What Lies Beneath? Exploring the Impact of Underlying AI Model Updates in AI-Infused Systems

TL;DR

This work investigates how users perceive and respond to underlying AI model updates in AI-infused systems, focusing on facial recognition in historical photo identification. Through a controlled online study and a real-world diary deployment on CWPS, the authors reveal that users struggle to notice model changes and rely heavily on perceived accuracy rather than objective cues like latency or result counts. Although newer models can improve technical metrics (precision/recall), this does not reliably translate into improved human-AI team performance, and users develop varied folk theories about model behavior. The findings underscore the need for granular, user-centered communication about model updates and suggest strategies to better align user expectations and workflow with evolving system capabilities across domains.

Abstract

AI models are constantly evolving, with new versions released frequently. Human-AI interaction guidelines encourage notifying users about changes in model capabilities, ideally supported by thorough benchmarking. However, as AI systems integrate into domain-specific workflows, exhaustive benchmarking can become impractical, often resulting in silent or minimally communicated updates. This raises critical questions: Can users notice these updates? What cues do they rely on to distinguish between models? How do such changes affect their behavior and task performance? We address these questions through two studies in the context of facial recognition for historical photo identification: an online experiment examining users' ability to detect model updates, followed by a diary study exploring perceptions in a real-world deployment. Our findings highlight challenges in noticing AI model updates, their impact on downstream user behavior and performance, and how they lead users to develop divergent folk theories. Drawing on these insights, we discuss strategies for effectively communicating model updates in AI-infused systems.
Paper Structure (49 sections, 4 figures, 5 tables)
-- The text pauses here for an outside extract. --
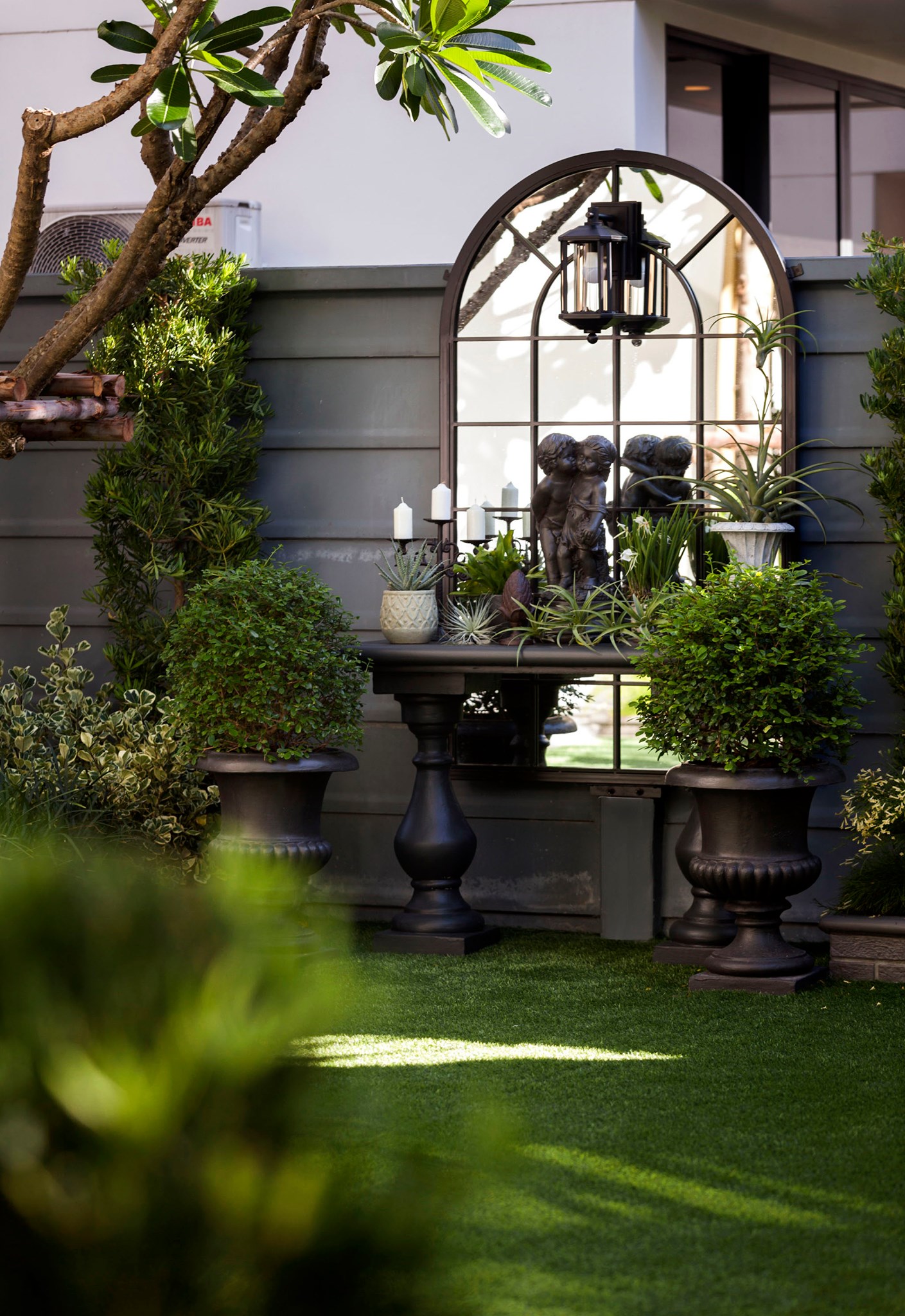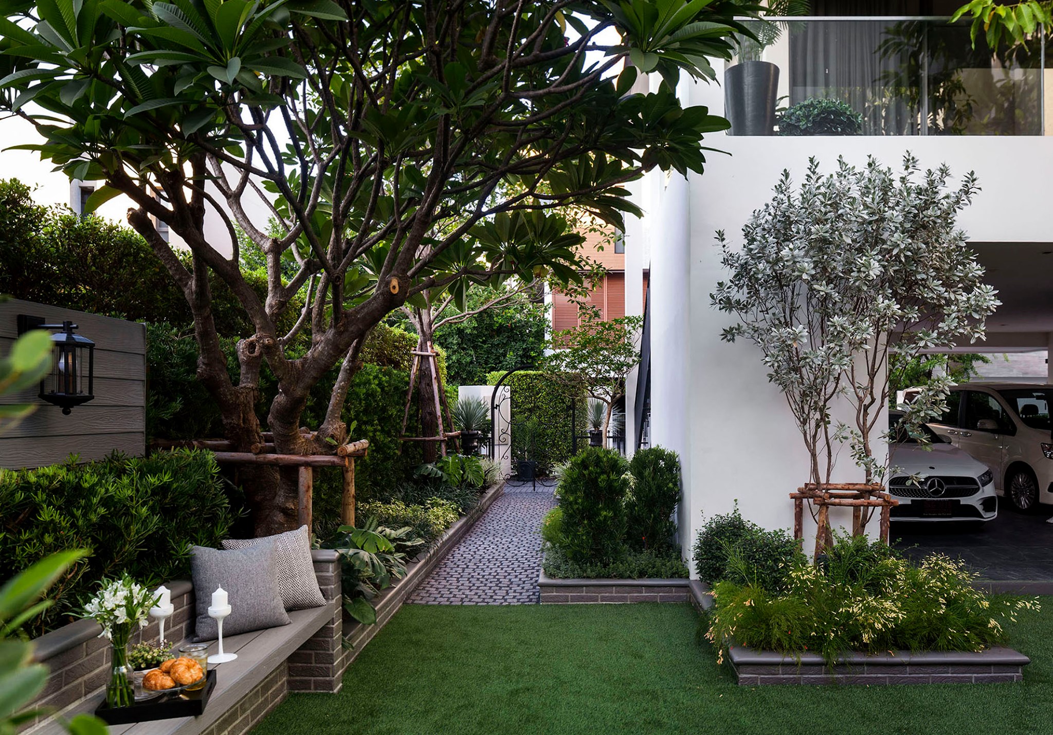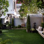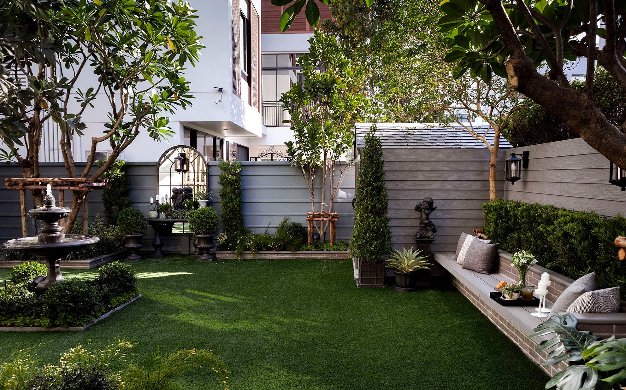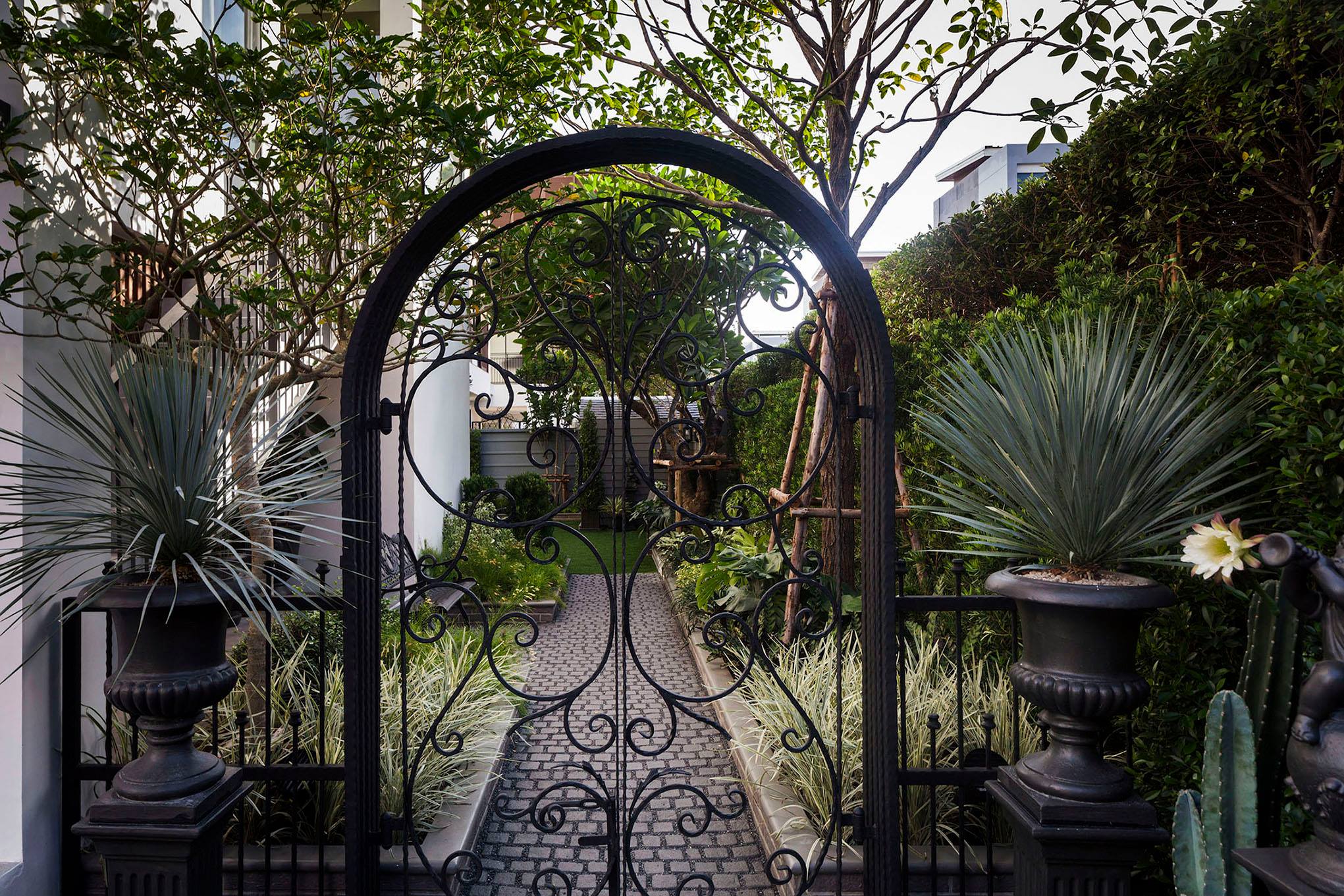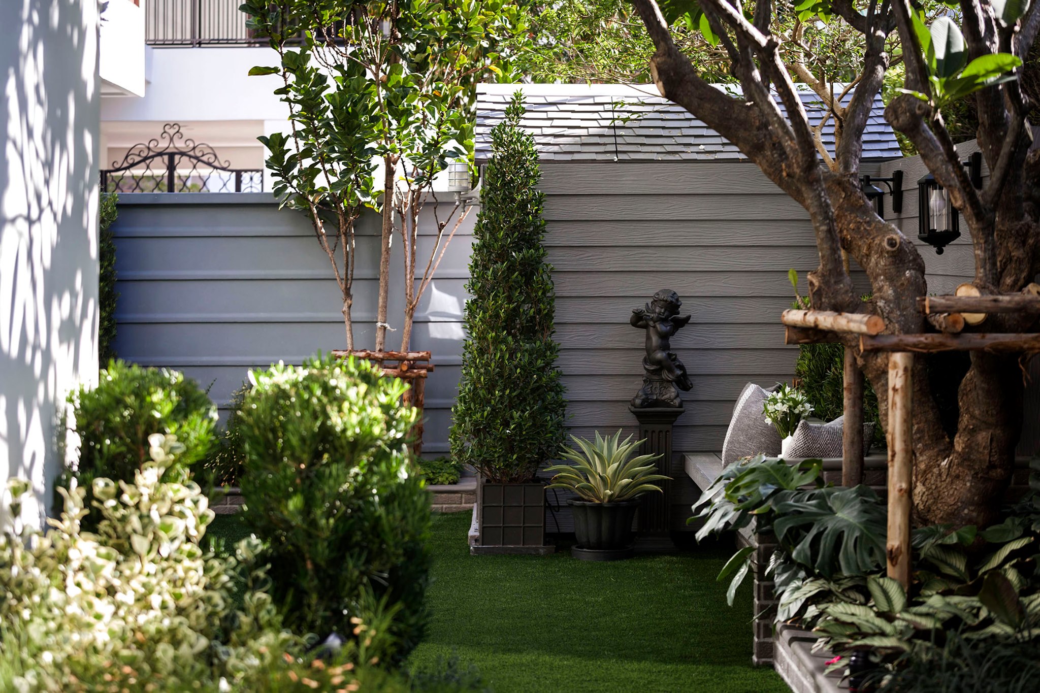 ขอขอบคุณพี่จั๊มที่ไว้ใจให้ Shabby Chic Gardens ได้ออกแบบสวนและดูแลในส่วนของงาน Consult และงาน Soft scape ของสวนแห่งนี้ สวนแห่งนี้เป็นการรีนูเวทสวนเพื่อให้ตอบสนองการใช้งานของเจ้าของบ้าน เนื่องจากพี่จั๊มได้ให้โจทย์ว่าสวนแรกที่จัดไว้ค่อนข้างครึ้มและทำความสะอาดกวาดค่อนข้างลำบาก เราจึงออกแบบเน้นการดูแลที่เรียบง่าย สะอาด เดินสะดวก จัดสรรพื้นที่ให้ได้เข้าใช้งานได้อย่างทั่วถึง รวมทั้งรองรับการใช้งานของทุกคนภายในครอบครัว ในสไตล์ของ Shabby Chic Gardens ที่เราถนัด มุมหน้าบ้านเราย้ายซุ้มประตูเหล็กชุดเดิมของเจ้าของบ้านขยับออกมา และทำรั้วเพิ่มสร้างเป็นจุดต้อนรับด้านหน้าของสวน วางกระถางปลูกต้นไม้ดูแลง่ายๆ รูปทรงเท่ห์ๆ เสริมด้วยตุ๊กตาตัวเดิมที่ทำสีใหม่กลายเป็นมุมต้อนรับแสนน่ารัก ทางเดินข้างบ้านนำสายตาไปยังสนามหญ้าด้านในบ้าน สองข้างทางก่อเป็นกระบะกรุอิฐเตี้ยๆ สำหรับปลูกต้นไม้ เว้นจังหวะปูพื้นเชื่อมต่อกับพื้นสเต็ปใต้บันได และวางเก้าอี้สนามเหล็กหล่อทำสีดำเพิ่มฟังก์ชั่นการใช้งาน สวนด้านในเปิดมุมมองด้วยสนามหญ้าเทียมสีเขียว ออกแบบให้มีที่นั่งเชื่อมต่อกับห้องเก็บของเดิมที่ถูกขยับปรับตำแหน่งเข้ามุมบ้านเพื่อเพิ่มพื้นที่ใช้งาน วางน้ำพุทำสีดำชุดเดิมที่มีในสวนเป็นจุดเด่นในโซนนี้ และมีจุดไฮไลเป็นกระจกเงาบานโค้งทรงคลาสสิกและโต๊ะปูนขากลึงที่สั่งทำโดยเฉพาะวางเป็น background สะท้อนเพิ่มมิติให้สวนดูเก๋ไก๋ไม่ซ้ำใคร ชานบ้านที่เชื่อมต่อมายังลานสวน ถูกเปลี่ยนพื้นไม้เทียมสีเดิมที่ชำรุดให้เป็นพื้นไม้เทียมสีเทาดูเข้ากันกับโทนสีโดยรวม และวางกระถางต้นไม้ทรงโมเดิร์นเก๋ๆ เพิ่มสีเขียวได้อย่างดี

This paper contains 49 sections, 4 figures, 5 tables.

Figures (4)

  • Figure 6: Participants perceived the new model to be more accurate compared to the old model despite moderate absolute accuracy ratings. The mean is denoted by the red dots in the boxplots.
  • Figure 7: Factors influencing perceived accuracy. The plot shows effect size estimates (in units of perceived accuracy) for various factors. Positive factors such as facial match responses ($\beta = 23.54$, meaning that each additional facial match response increases perceived accuracy by 23.54 points) and replica responses ($\beta = 16.68$) had the largest impact on increasing perceived accuracy. In contrast, different person responses decreased accuracy ($\beta = -7.08$, meaning each additional response of this type reduces perceived accuracy by 7.08 points). Scrolling through more search results ($\beta = -4.75$) and time spent on the search page ($\beta = -6.29$) negatively impacted perceptions, while the number of search results retrieved had a small positive effect ($\beta = 5.97$). Stars next to effect sizes denote statistical significance, with *** indicating $p < 0.001$, ** indicating $p < 0.01$, and * indicating $p < 0.05$.
  • Figure 8: Comparison of search results retrieved by the old model (a) and the new model (b). The old model retrieved a significantly larger number of results (598) compared to the new model (28). In addition to fewer results, the new model presents different people, suggesting improvements in the relevance of the results retrieved.
  • Figure 9: (a) Model Preferences of Users and (b) Usefulness Scores for Old and New Models in the Diary Study.